Tag: comment

Commentary: Reproductive Technology–Savior Siblings and the Wrong “Rightness”

Is creating a baby as a means to saving another human right or wrong? The question of “savior siblings” seems to be a question within the domain of normative ethics. The science around this question might help frame the issue by assessing things like harm, risk, or feasibility, but it does little to adjudicate the “rightness” or “wrongness.” In what follows, I will explicate an argument for the rightness of savior siblings proposed by Michelle Taylor-Sands (Savior Siblings and Collective Family Interests), which might be analyzed further as an argument from “special” obligations. Although I think Taylor-Sands has the right approach by investigating the nature of obligations, I think she comes to the wrong conclusion; in effect, my aim is to argue against the sort of “rightness” of savior sibling proposed by Taylor-Sands.

Let us begin with a (fairly crude) outline of Taylor-Sands’ argument. She pushes back on harm arguments that savior siblings are harmed in one way or another, and that therefore the creation of savior siblings is wrong. develops her argument by basing welfare on human flourishing and drawing a picture of how a child’s welfare is “inextricably connected” (122) to the general welfare of the family unit. With these pieces in place, she can argue that a savior sibling is engaging in a shared familial project to save another family member.
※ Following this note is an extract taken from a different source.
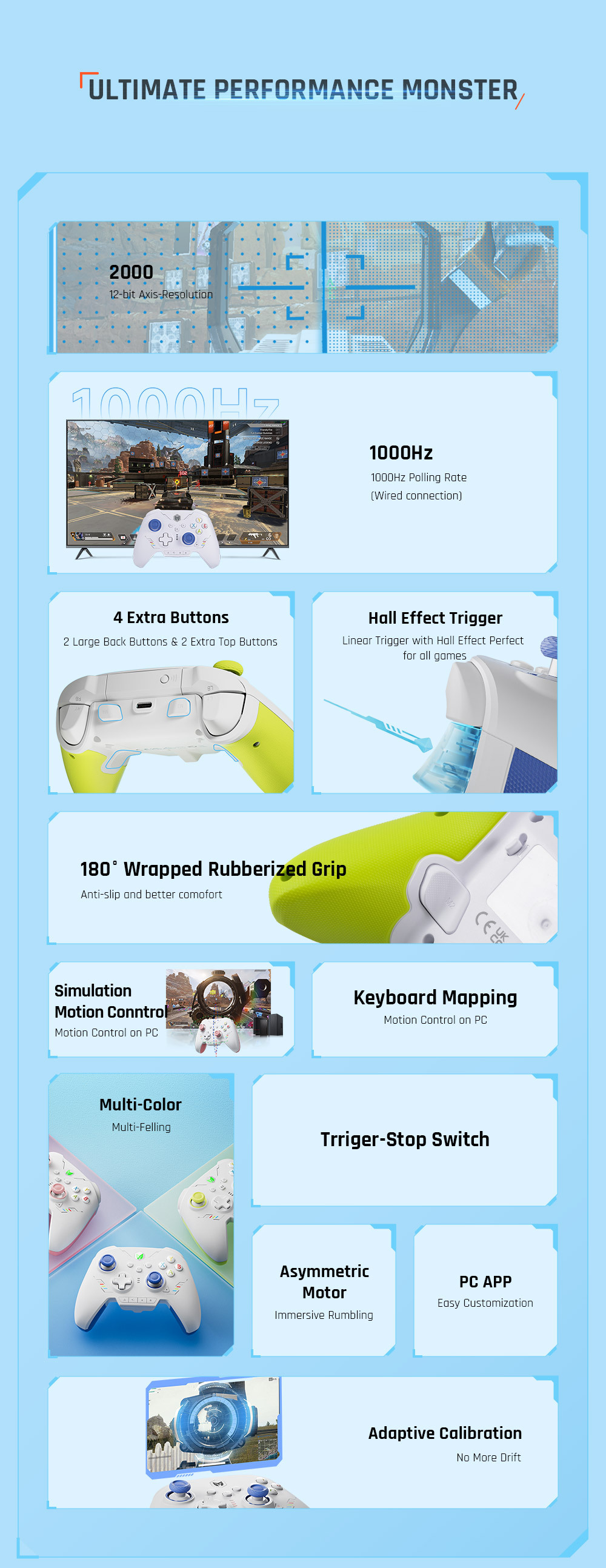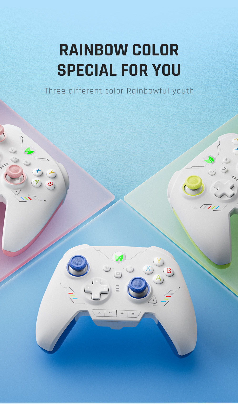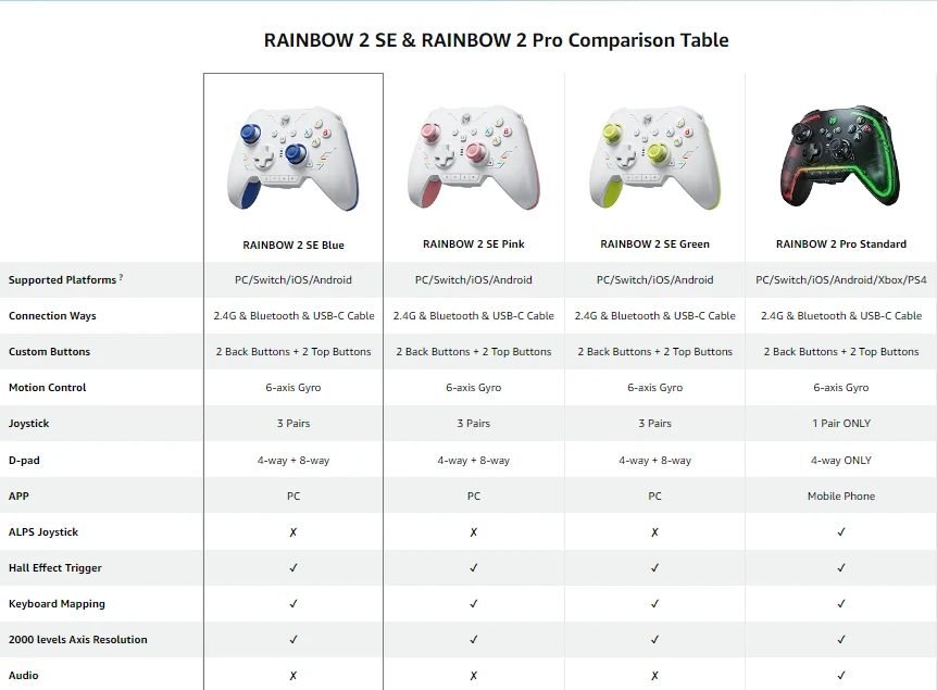 【Multi-platform Gaming Controllers】Wireless PC controller Rainbow 2 SE works for Switch,Windows10&11,Android7.0+,iOS14.0+. PC controllers are designed with 2 custom back buttons,2 top buttons,motion aiming,Turbo,Marco,dual motor,hall-effect triggers,3 sets of joysticks,4-way & 8-way D-pads,1000Hz wired polling rate,2000 levels axis resolution,built-in Bluetooth,keyboard mapping,App on PC (Not support on mobile). 【Audio is NOT supported】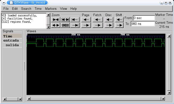 Se genera el fichero tb_inv y al ejecutarlo comienza la simulación. Hay que especificar su duración y el archivo en el que se volcarán los resultados (fichero tb_inv.vcd):

This is all very quick, so let us further dissect what the relevant moral players in Taylor-Sands’ argument. First, there is a dilemma: we have a positive duty to help sick children (especially if it is your child), but we also have a negative duty (ceteris paribus) to not cause harm. Here are the popular ways of dealing with this dilemma: (1) argue that the negative duty (tout court) to cause harm outweighs the positive duty to help (or argue vice versa), (2) argue savior siblings are not harmed and that there is no dilemma, or (3) argue that the consequences of subscribing to one duty permissibly outweigh the other duty (and its consequences). Second, Taylor-Sands argues that the “we” in the dilemma is not restricted to the parents but also includes the savior sibling. This is important because it might dissolve the second horn of the dilemma by shifting the “harm to others” to “harm to oneself”; as such, the issue becomes a matter of self-sacrifice on the part of the savior sibling for the sake of helping a sick sibling. Third, to establish that the “we” in the dilemma includes the savior sibling, Taylor-Sands provides a story about how the welfare (construed as general “flourishing” (126-128)) of the savior sibling is tied to their family.

Grounding duties within the family unit is to say that there are duties which apply to a “special” subset of people, namely, family members. We have duties we owe to all people, say, not to cause harm; however, we often say we have a “special” duty to (say) look after our elderly parents. Taylor-Sands thinks that savior siblings have these sorts of duties to their siblings (and obliquely to their parents). The general content of these duties all relate to promote the flourishing of the family which consequently benefits all family members. Taylor-Sands thinks that since savior siblings are the savior sibling’s welfare is “inextricably connected” to the welfare of the family, the savior sibling would obviously want to further the welfare of the family. There are two questions I would like to raise which point to some problematic areas of this story: first, is the savior sibling’s welfare really inextricably linked to the family’s welfare; and, a second related question, by merely speculating on what the savior sibling would do, is there a worry about the savior sibling’s autonomy?

I am sympathetic to Taylor-Sands’ approach to this topic of savior siblings, but I think she makes a mistake by grounding special obligations in mutual welfare. Barring this issue, we might still have a picture of a savior sibling’s defeasible (or pro tanto) duty to their family, but we need some further motivation or justification for believing that these duties hamper autonomy for the right reasons. Perhaps a better “relational” model might not need to appeal to mutual welfare. It might say that the duties we have to our family members are primary and more familiar to us than natural duties (i.e. duties we owe to everyone and which we have no say in accepting or denying).